According to estimates we can make, Mars should be able to hold onto an atmosphere dense enough for breathing and to keep a comfortable temperature.  The only real unfortunate problem is Mars isn't big enough to hold onto the smaller molecules at all easily, which is only made worse by the lack of a magnetic field.  For our purposes, the steady loss of water would be unfortunate, but occurring over millenia.  Certainly replenishable by an interested space-faring race. Any caveman stuck on Mars would thus have a clock to rediscover space flight before all of the water on the planet ran out. No pressure.

Biosphere. The plants and animals and other living things that reside on a planet make up the biosphere of that planet.  As far as colonization is concerned, it's useful for providing the food and oxygen we need.  Also likely to be a major source of problems with any foreign planet that has developed it's own biosphere independent of Earth, but on Mars that problem should be minimal.  All of Mars' biosphere would come from Earth, and unlikely to cause problems.  The difficulty comes with getting it built quick.  Given a long stretch of time it'd be fairly straightforward to bring on, but there's plenty of problems, like the lack of soil, water, and oxygen that is hard to build incrementally.

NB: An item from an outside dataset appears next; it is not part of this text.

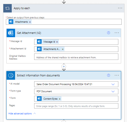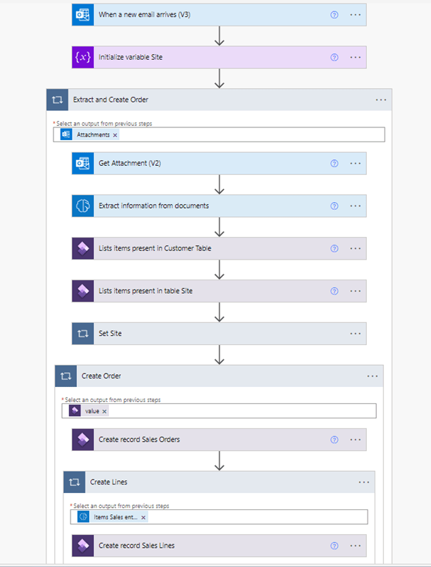 In the Power automate, the objective when a new mail arrives is to extract the data needed from the document using the AI builder model and after creating in D365FO the Sale order.

Gravity. Mars is on the small side of what is likely to work well for humanity, and is possibly too low for long-term viability.  Mars' gravity is only 37% that of Earth, which is pretty low.  Unfortunately, we don't exactly have much research on the subject, as we understandably don't have many options when testing biological beings at gravities smaller than that of Earth.  We don't even have very much research on how we're affected in free fall, especially as in regards to fetuses. (Highly important if you're looking to live in space is whether or not you can have kids)

Hope that helps outline all the things that Mars is missing.  Remember that for everything here, missing something means that the colony must provide it in some other manner.  Comparably, popping a colony down in the antarctic is easier and requires less resources than one on Mars.  Far less cool though, suck it Antarctica. We're going to Mars.